Clearance: Ability to obtain a Public Trust clearance

Must be a U.S. Citizen

Benefits: Medical, dental, and vision coverage, 401k matching, generous PTO, paid holidays, professional training opportunities, and even pet insurance to ensure your furry friends are cared for too.

Job Summary

Castalia Systems is currently searching for a Threat Management Analyst Tier 3, Tier 3 Monitoring and Detection (MaD) Analysts identify the Cybersecurity events related to well-resourced, sophisticated adversary, which uses multiple attack vectors such as cyber, physical, and deception to achieve its objectives.
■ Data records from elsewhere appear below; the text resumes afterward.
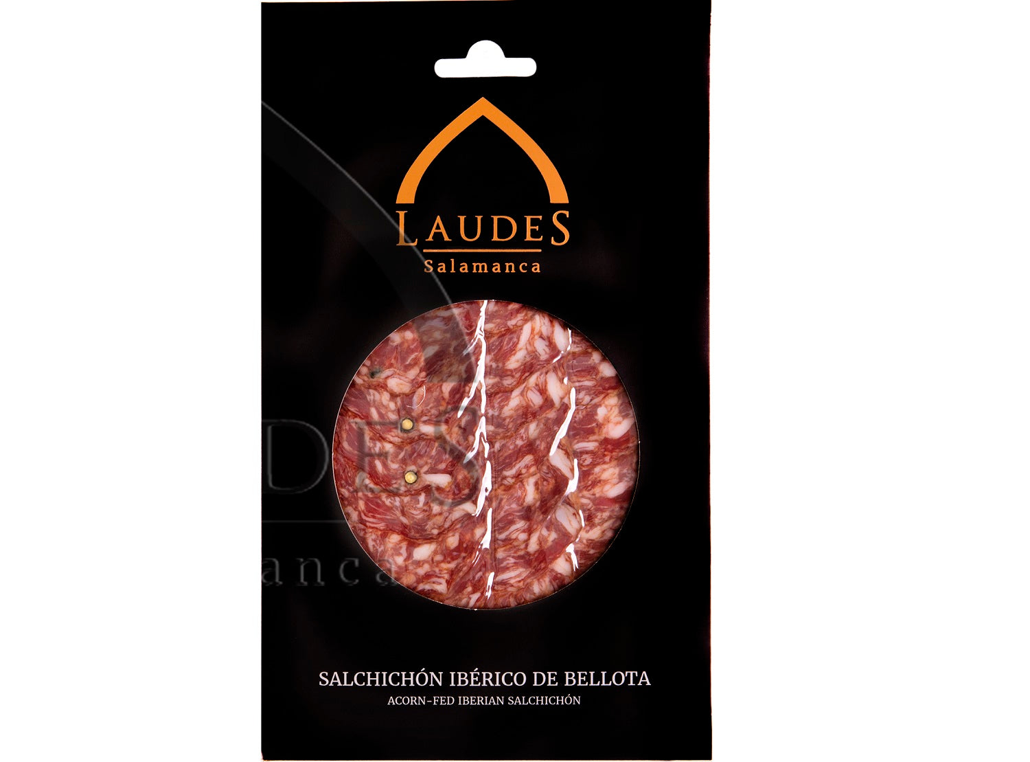 Introducing the Laudes Sliced Iberian Acorn-Fed Sausage - a gastronomic delight from the heart of Spain. This Salchichón Ibérico de Bellota, perfectly sliced and ready to eat, offers a unique flavor profile that elevates any meal. Fed exclusively on acorns, the Iberian pigs produce a meat that’s both rich and delicately flavored, with a wonderful balance of savory and sweet notes. The Laudes brand is renowned for their commitment to quality and tradition, ensuring every slice of this sausage encapsulates the true essence of Spanish cuisine.
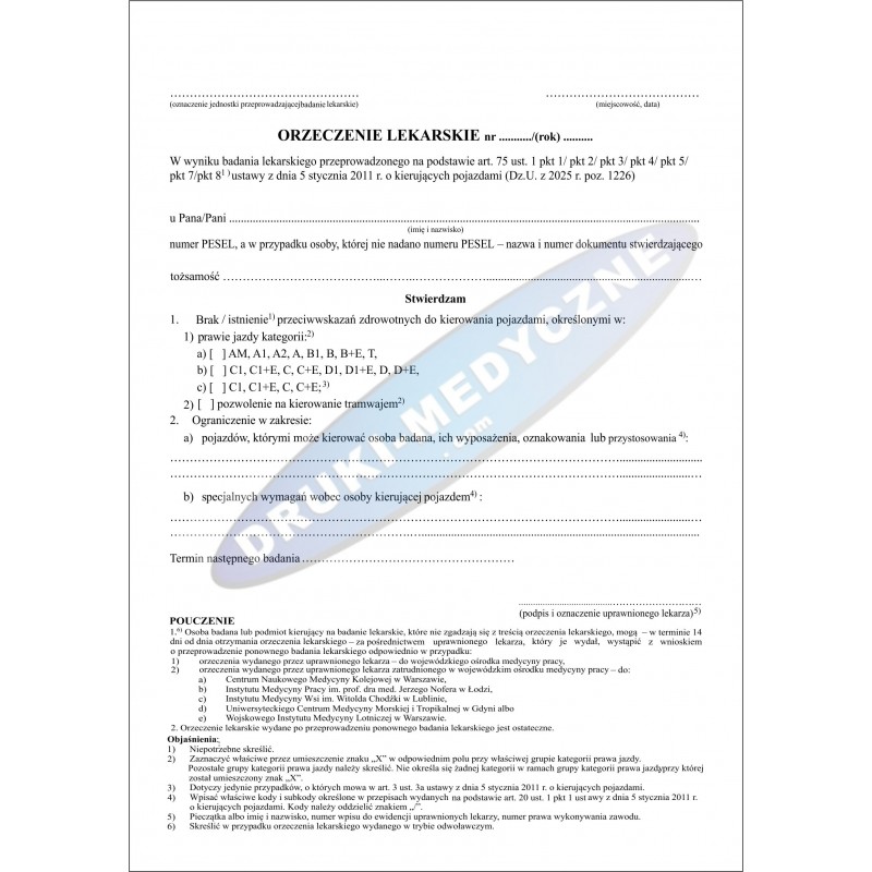 Orzeczenie lekarskie dla kierowców - NOWY, AKTUALNY WZÓR - Dz.U. z 2025 r. poz. 1226; format A5, samokopia, 100 kart w bloczku.
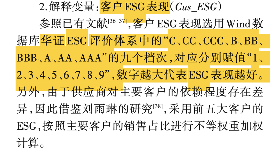 参考《经济问题》中李普玲(2024)的做法,将供应商与主要客户数据对应起来,并对上市公司及关联上市公司的ESG数据进行匹配,形成“供应商——客户ESG”的数据集,保留客户的销售占比。
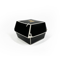 Cajas de hamburguesas biodegradables desechables Laminación mate Relieve Recubrimiento UV Papel de tarjeta blanco antiaceite Comida para llevar personalizable

Including but not limited to:

• Advanced Persistent Threat (APT) procedures and systems support to respond to complex threat behaviors or indications requiring experts to hunt and characterize APT;
• Malware containment, remediation, detection, and prevention including artifacts observed on a network or in an operating system, which with high confidence indicates a computer intrusion to include examining possibly malicious files, webpages, and network traffic to understand the nature of their threat and to provide information about the method of entry, the intent of the attack, and the impact of the incident.
• Utilize Artificial Intelligence (AI) and Machine Learning (ML) based tools and techniques to detect anomalies, automate incident triage, and improve threat intelligence.
• Collaborate with data scientists and engineering teams to integrate AI-driven detection mechanisms into existing security infrastructure
• Provide analysis on how to leverage Artificial Intelligence, Machine Learning, and SOAR capabilities to improve CSOC efficiency and accuracy.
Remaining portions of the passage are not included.